Tu ruina

Luz al final del túnel

LIAH

Seis meses.
Seis meses de nadar contracorriente solo para mantenerse en el mismo lugar.
El neón de la calle pintaba franjas de luz parpadeante sobre mi escritorio, aunque eran las diez de la noche. Me froté los ojos, sintiendo el grano del cansancio crónico. El último extracto bancario estaba frente a mí. Lo habíamos logrado. Apenas. Las nóminas de la quincena estaban cubiertas.
Pero fue una victoria pírrica. Para lograrlo, tuve que vender mi coche y mi madre había empeñado un collar de diamantes que le regaló mi padre en su vigésimo aniversario, aunque ella me lo ocultó hasta que vi la caja vacía en su tocador.

Estaba estancada. Cada pequeño contrato que conseguía con un proveedor local era contrarrestado por Maximo. Él ya no nos atacaba de frente; ahora nos asfixiaba. Presionaba a los proveedores de nuestros proveedores, cortaba nuestras rutas logísticas, compraba deudas pequeñas que teníamos y las ejecutaba.
Me levanté y caminé hacia la pequeña cocina de la oficina. El reflejo en el cristal oscuro me sobresaltó.
Había perdido peso. Mi cabello, esa cascada castaña que él solía adorar, ahora estaba perpetuamente atado en un nudo funcional que se me clavaba en el cráneo. Mis ojos verde grisáceo estaban hundidos, rodeados de sombras oscuras.

Pero lo peor no era mi reflejo. Era el de mi padre.
Lo había visto esa tarde, dormido en el sofá de su despacho. Se veía... frágil. Su piel tenía un tono grisáceo que no me gustaba, y su respiración era superficial. La preocupación lo estaba consumiendo desde dentro. Mi madre guardaba su tristeza detrás de sonrisas forzadas y tazas de té que nadie bebía. Ver a su esposo marchitarse y a su hija convertirse en una máquina de guerra la estaba rompiendo en silencio.
Me serví la cuarta taza de café de la noche y volví a mi escritorio.
Miré el teléfono. Hacía meses que no intentaba llamarlo. Hacía meses que no lloraba por él.
El amor se había secado, reemplazado por esta pregunta amarga que me roía el alma cada noche: ¿Alguna vez me amó?

El hombre que me llevó a París al amanecer, el que se arrodilló en un jardín que él diseñó para mí... ¿cómo podía ser el mismo hombre que ahora disfrutaba viéndome pagar las nóminas con las joyas de mi madre?
Me di cuenta de que no. El hombre del que me enamoré murió ese día en la iglesia. El que quedaba, el Magnate de Hielo, era un monstruo. Y el amor que sentí se había transformado en algo duro, frío y afilado: el deseo de sobrevivir solo para demostrarle que no pudo destruirme.
Justo cuando ese pensamiento me helaba los huesos, sonó el correo electrónico. Otro más, probablemente. Otro proveedor cancelando.

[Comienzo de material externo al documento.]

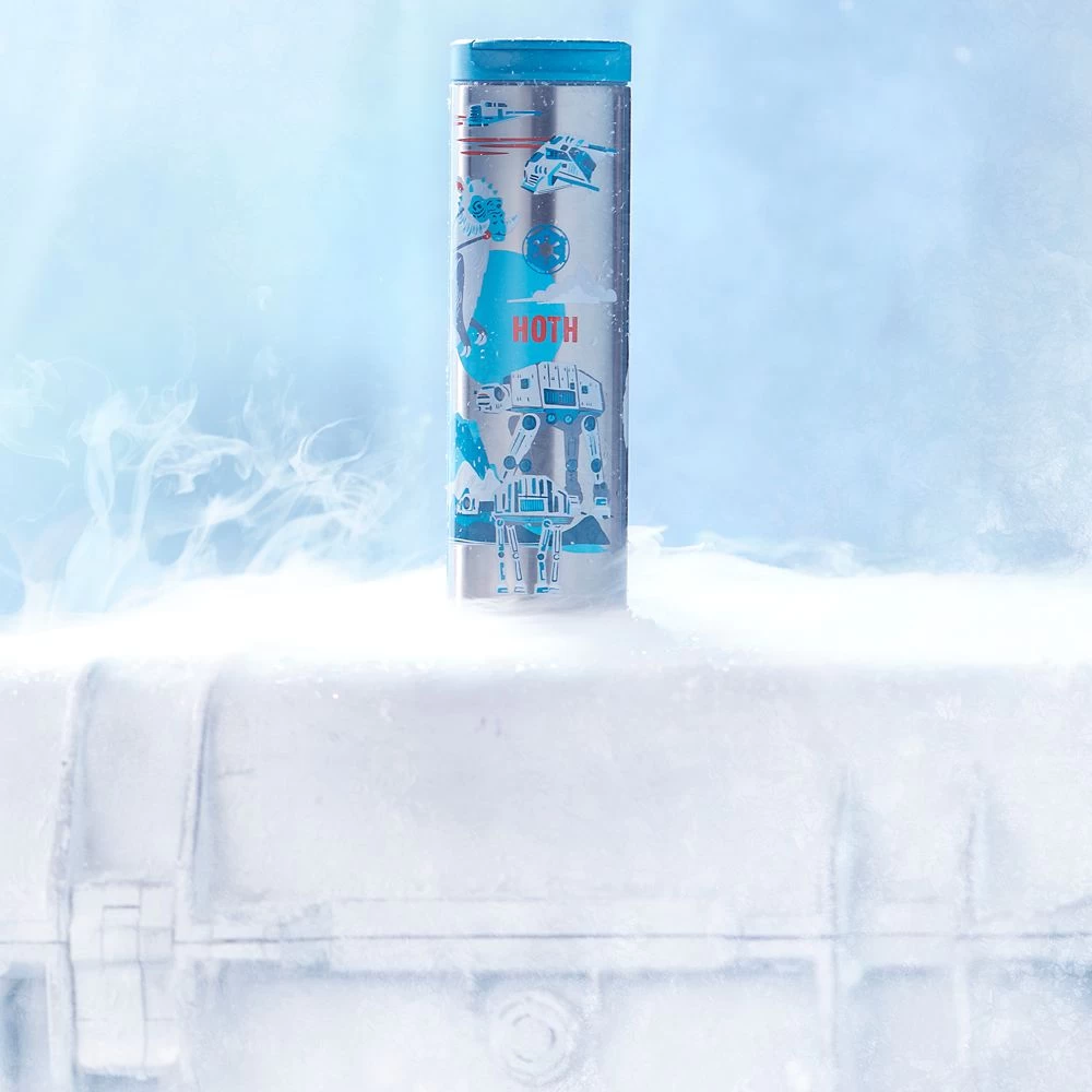 Keep your drink nicely chilled with this Star Wars travel tumbler inspired by the ice planet Hoth. Part of the Starbucks® Discovery Series, Star Wars Collection, the stainless steel double-walled design features allover artwork of Hoth’s snowy mountains and inhabitants including a Tauntaun and Wampa.

—Abre el correo, Liah —murmuré para mí misma—. Veamos qué parte del barco se hunde ahora.
El remitente era Kovacs Strategic Holdings.
Nunca había oído hablar de ellos. El asunto era escueto: "Propuesta de Inversión - Rinaldi".
Abrí el correo esperando spam. Lo que leí me detuvo el corazón.

Señorita Rinaldi,
Hemos observado sus operaciones durante los últimos seis meses. Su tenacidad para reestructurar sus deudas y mantener la operatividad bajo la presión concertada de Imperium Global ha sido... impresionante.
No somos amigos del señor Maximo. Creemos que su monopolio es perjudicial para el mercado.
Nos gustaría programar una reunión con usted y su padre para discutir una inyección de capital sustancial y una alianza estratégica que podría beneficiar a ambas partes.
A Kovacs Holdings no le asusta una pelea.
Atentamente,
Dimitri Kovacs, CEO.

Leí el correo dos veces. Tres veces. Mis manos temblaban, pero no de debilidad.
Kovacs Strategic Holdings.

Busqué el nombre en Google. Eran gigantes. Un conglomerado europeo del acero y la logística, conocidos por sus tácticas agresivas y por entrar en mercados que otros temían. Eran rivales directos de Maximo en el extranjero, pero nunca habían operado en suelo estadounidense.
No le teme a Maximo.

El aire volvió a mis pulmones con una sacudida.

Era una luz. Quizás era un tren que venía de frente, pero era una luz al final de este túnel oscuro y asfixiante.
Tomé el teléfono y marqué el número de mi padre, sin importarme la hora.

—Papá —dije, mi voz vibrando con una energía que no había sentido en medio año—. Levántate. Tenemos trabajo que hacer. Acabamos de encontrar un aliado.